Shang Haixia, Liu Zhi-Ping
IEEE/ACM Trans Comput Biol Bioinform. 2021 Jan-Feb;18(1):336-346. doi: 10.1109/TCBB.2019.2917190. Epub 2021 Feb 3.
The prevalence of diabetes mellitus has been increasing rapidly in recent years. Type 2 diabetes makes up about 90 percent cases of diabetes. The interacting mixed effects of genetics and environments build possible interpretable pathogenesis. Thus, finding the causal disease genes is crucial in its clinical diagnosis and medical treatment. Currently, network-based computational method becomes a powerful tool of systematically analyzing complex diseases, such as the identification of candidate disease genes from networks. In this paper, we propose a bioinformatics framework of prioritizing type 2 diabetes genes by leveraging the modified PageRank algorithm on bilayer biomolecular networks consisting an ensemble gene-gene regulatory network and an integrative protein-protein interaction network. We specifically weigh the networks by differential mutual information for measuring the context specificities between genes and between proteins by transcriptomic and proteomic datasets, respectively. After formulating the network into two components of known disease genes and the other normal healthy genes, we rank the diabetes genes and others by bringing the orders in the bilayer network via an improved PageRank algorithm. We conclude that these known disease genes achieve significantly higher ranks compared to these randomly-selected normal genes, and the ranks are robust and consistent in multiple validation scenarios. In functional analysis, these high-ranked genes are identified to perform relevant risks and dysfunctions of type 2 diabetes.

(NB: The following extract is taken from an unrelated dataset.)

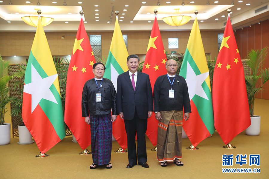 當晚,習近平同緬甸聯邦議會議長兼人民院議長蒂昆密和民族院議長曼溫凱丹進行了友好交談,并和緬甸主要政黨領導人集體合影留念。
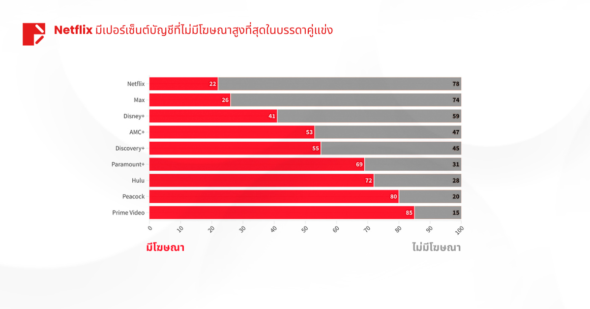 ที่น่าสนใจคือ บัญชีที่รองรับโฆษณาของ Netflix มอบอัตรากำไรจากรายได้ที่สูงกว่าคู่แข่ง ขณะที่บัญชีที่ไม่มีโฆษณายังคงมีอัตราการรักษาผู้ใช้ที่สูงที่สุดในอุตสาหกรรม

近年来,糖尿病的患病率一直在迅速上升。2型糖尿病约占糖尿病病例的90%。遗传因素和环境因素的相互作用产生了可能的可解释发病机制。因此,找到致病基因对其临床诊断和治疗至关重要。目前,基于网络的计算方法成为系统分析复杂疾病的有力工具,例如从网络中识别候选疾病基因。在本文中,我们提出了一个生物信息学框架,通过在由基因-基因调控网络和整合的蛋白质-蛋白质相互作用网络组成的双层生物分子网络上利用改进的PageRank算法,对2型糖尿病基因进行优先级排序。我们分别通过转录组学和蛋白质组学数据集,利用差异互信息对网络进行加权,以测量基因之间和蛋白质之间的上下文特异性。在将网络划分为已知疾病基因和其他正常健康基因两个部分后,我们通过改进的PageRank算法在双层网络中对糖尿病基因和其他基因进行排序。我们得出结论,与随机选择的正常基因相比,这些已知疾病基因的排名显著更高,并且在多种验证场景下排名稳健且一致。在功能分析中,这些高排名基因被确定为具有2型糖尿病的相关风险和功能障碍。